**Work task:** When you repeat the material, keep each line exact and omit the pictures.
+ + + + +
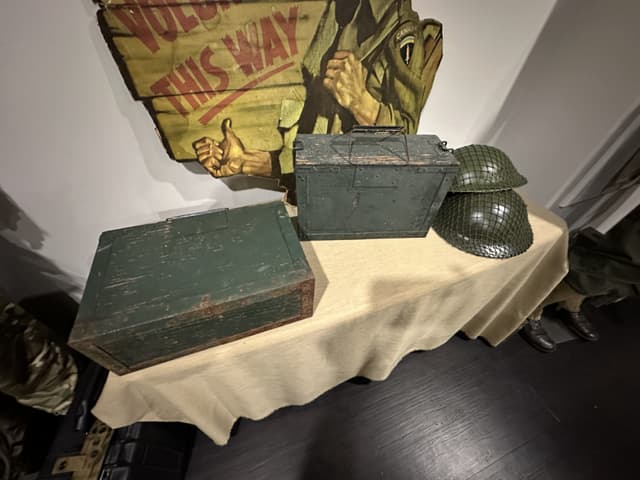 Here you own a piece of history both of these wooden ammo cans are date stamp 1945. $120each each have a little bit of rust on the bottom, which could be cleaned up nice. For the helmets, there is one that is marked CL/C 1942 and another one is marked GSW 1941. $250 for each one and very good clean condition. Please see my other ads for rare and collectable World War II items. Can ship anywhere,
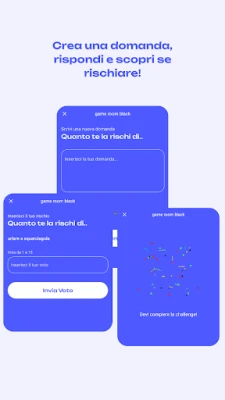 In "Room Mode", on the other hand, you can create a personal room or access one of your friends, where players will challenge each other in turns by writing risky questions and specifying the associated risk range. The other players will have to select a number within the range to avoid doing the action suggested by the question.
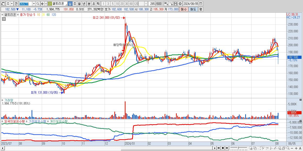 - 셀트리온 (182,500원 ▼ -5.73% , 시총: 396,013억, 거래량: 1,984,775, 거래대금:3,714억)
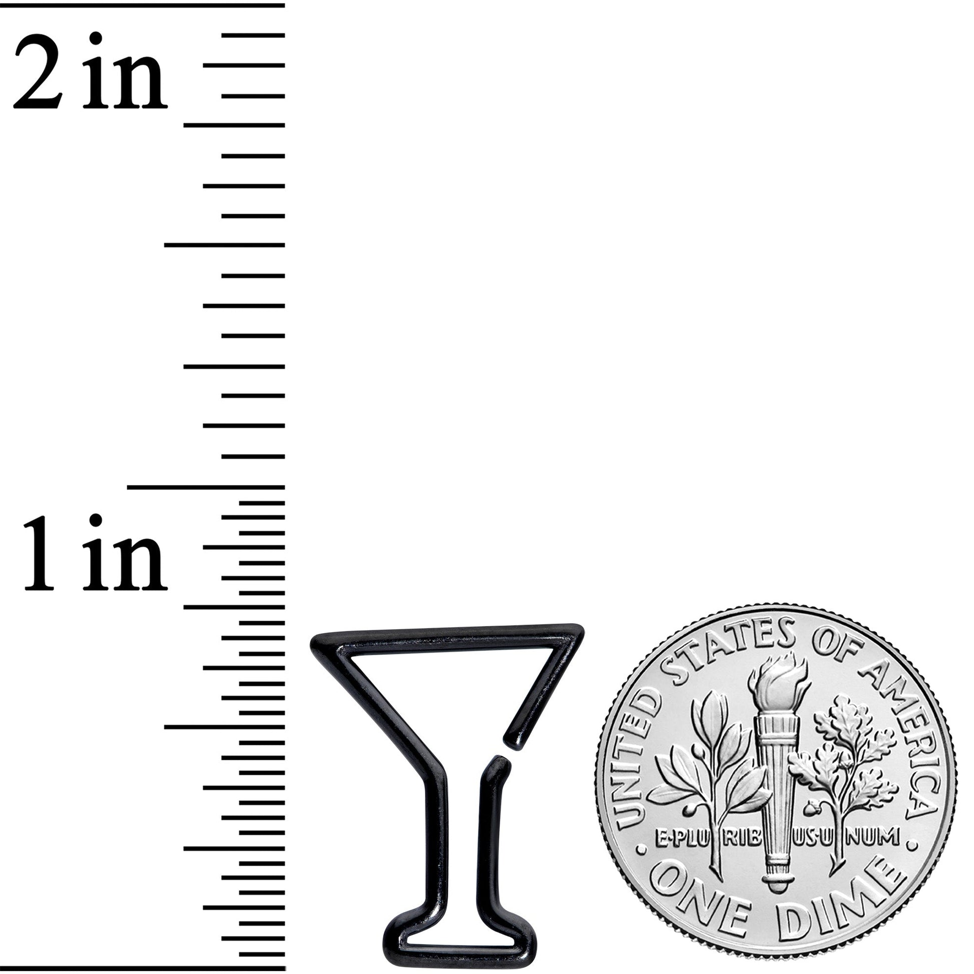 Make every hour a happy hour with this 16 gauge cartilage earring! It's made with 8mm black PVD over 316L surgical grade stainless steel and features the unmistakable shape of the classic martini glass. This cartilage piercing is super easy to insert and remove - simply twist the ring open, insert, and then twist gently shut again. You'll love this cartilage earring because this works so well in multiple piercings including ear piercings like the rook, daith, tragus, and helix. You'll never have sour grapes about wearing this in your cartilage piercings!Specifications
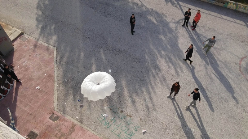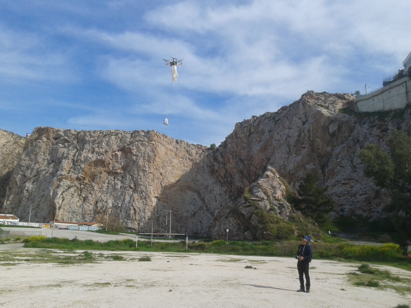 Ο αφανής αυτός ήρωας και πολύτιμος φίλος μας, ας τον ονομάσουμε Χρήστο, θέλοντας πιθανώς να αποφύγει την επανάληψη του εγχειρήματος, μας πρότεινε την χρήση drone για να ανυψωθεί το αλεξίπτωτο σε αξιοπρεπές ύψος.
+ + + + +
**Completed task:**
 Here you own a piece of history both of these wooden ammo cans are date stamp 1945. $120each each have a little bit of rust on the bottom, which could be cleaned up nice. For the helmets, there is one that is marked CL/C 1942 and another one is marked GSW 1941. $250 for each one and very good clean condition. Please see my other ads for rare and collectable World War II items. Can ship anywhere,
 In "Room Mode", on the other hand, you can create a personal room or access one of your friends, where players will challenge each other in turns by writing risky questions and specifying the associated risk range. The other players will have to select a number within the range to avoid doing the action suggested by the question.
 - 셀트리온 (182,500원 ▼ -5.73% , 시총: 396,013억, 거래량: 1,984,775, 거래대금:3,714억)
 Make every hour a happy hour with this 16 gauge cartilage earring! It's made with 8mm black PVD over 316L surgical grade stainless steel and features the unmistakable shape of the classic martini glass. This cartilage piercing is super easy to insert and remove - simply twist the ring open, insert, and then twist gently shut again. You'll love this cartilage earring because this works so well in multiple piercings including ear piercings like the rook, daith, tragus, and helix. You'll never have sour grapes about wearing this in your cartilage piercings!Specifications
 Ο αφανής αυτός ήρωας και πολύτιμος φίλος μας, ας τον ονομάσουμε Χρήστο, θέλοντας πιθανώς να αποφύγει την επανάληψη του εγχειρήματος, μας πρότεινε την χρήση drone για να ανυψωθεί το αλεξίπτωτο σε αξιοπρεπές ύψος.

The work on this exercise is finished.